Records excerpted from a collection
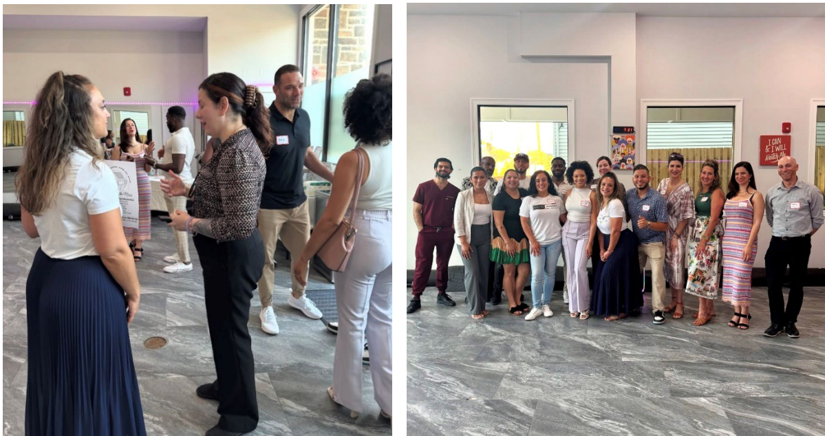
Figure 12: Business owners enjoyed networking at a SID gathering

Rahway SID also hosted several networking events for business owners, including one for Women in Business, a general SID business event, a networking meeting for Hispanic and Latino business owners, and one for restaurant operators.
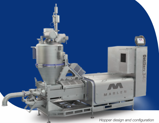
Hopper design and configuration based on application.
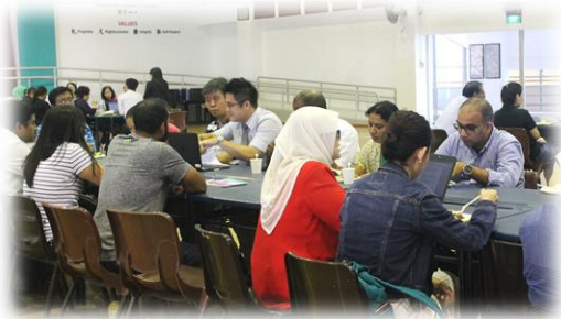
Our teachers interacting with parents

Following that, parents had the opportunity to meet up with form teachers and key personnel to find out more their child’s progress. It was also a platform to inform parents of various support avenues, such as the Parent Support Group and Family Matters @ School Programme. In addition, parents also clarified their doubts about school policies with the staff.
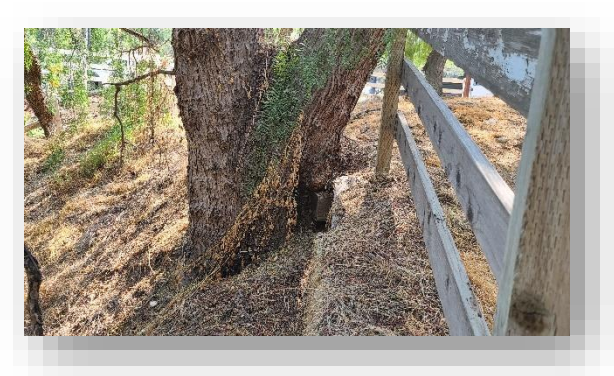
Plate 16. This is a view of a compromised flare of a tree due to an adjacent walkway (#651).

* [Required action] The answer must consist of every line from the entries above that contains the string "teachers".

* [Solution for this problem]
Our teachers interacting with parents
Following that, parents had the opportunity to meet up with form teachers and key personnel to find out more their child’s progress. It was also a platform to inform parents of various support avenues, such as the Parent Support Group and Family Matters @ School Programme. In addition, parents also clarified their doubts about school policies with the staff.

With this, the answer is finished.